Ambassadors should be used to intensify exchange
of information and increase transparency of the
entire organisation. Notice that isolation is not
always physical. It is possible that a group of people
included into the project belongs to another
hierarchical structure, so been in the same location,
but isolated due management reasons.
3.5 Well-defined Work Procedures
Uncertainties are introducing into the project enough
problems to generate even more having work
procedures’ gaps. Well-defined procedures will
introduce a structure into chaos produced by
unspecified features. Besides they are required to
cope with different issues resolving uncertainties. It
should be specified who is responsible for what and
what are procedures deciding on alternatives.

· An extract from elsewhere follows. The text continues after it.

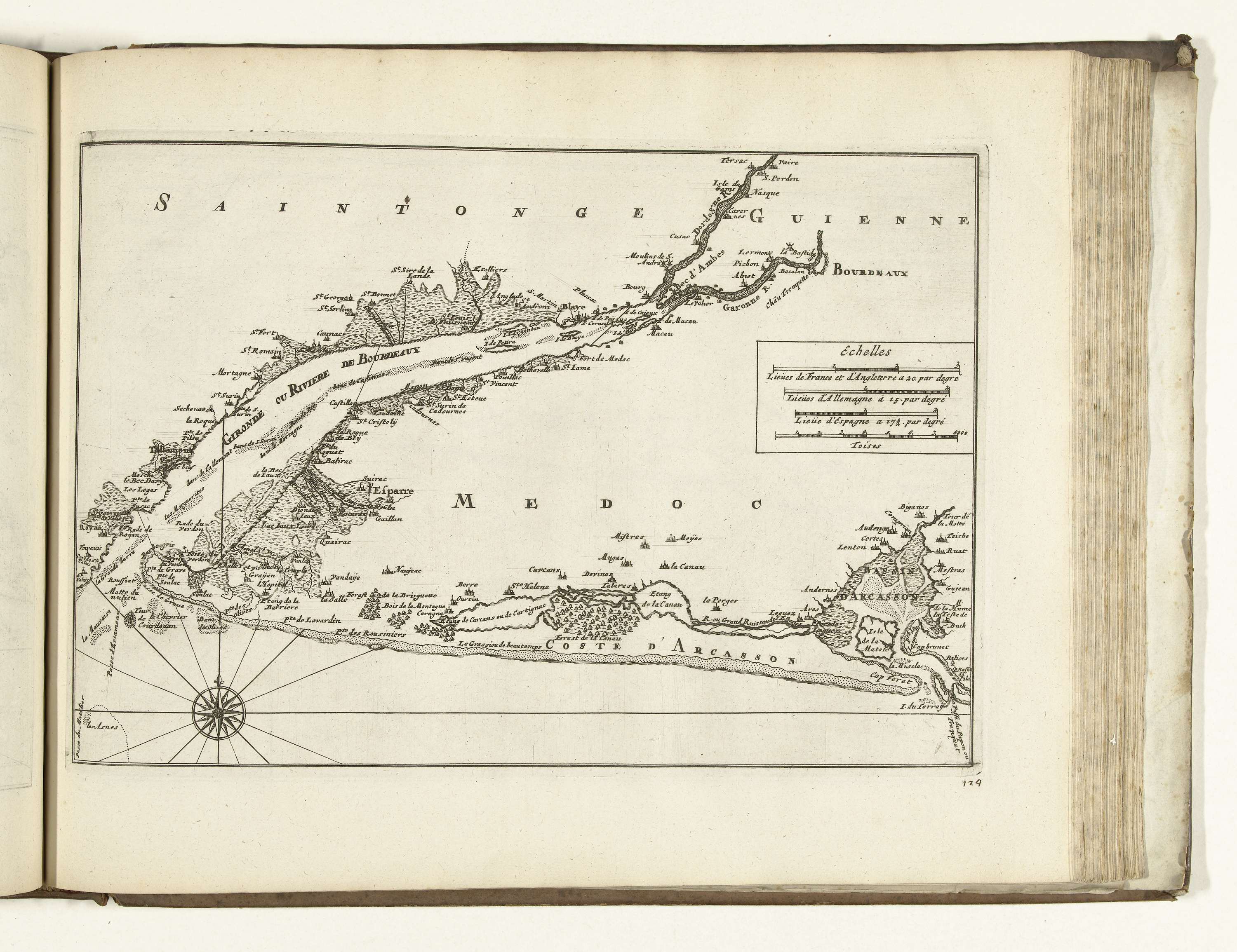 Kaart van de Franse westkust met de monding van de G...

Notice that having clear rules doesn’t always
mean prohibiting certain activities like late
expansion of the scope. Those just define how it
should be done, who will be paying the extra cost
and how trade-offs are made. The development team
is stressed enough in such projects to not be
responsible neither be blamed for not resolving
uncertainties correctly in time and functional
perspective. It is also important to define how a
feature affected by any uncertainty is skipped from
the release and what should happen with it next.
4 POTENTIAL BENEFITS
In this chapter we would like to review potential
benefits arising when uncertainties are properly
handled by the proposed framework.
The first, but not the only one, is an overall
decrease of time and efforts required to develop the
software as risks connected to uncertainties are
properly managed and handled now.
The second benefit can be demonstrated
assuming the opposite to what is proposed. If
uncertainties still exist and are not handled correctly
then the team members’ motivation decreases
producing dramatic drop of the team performance.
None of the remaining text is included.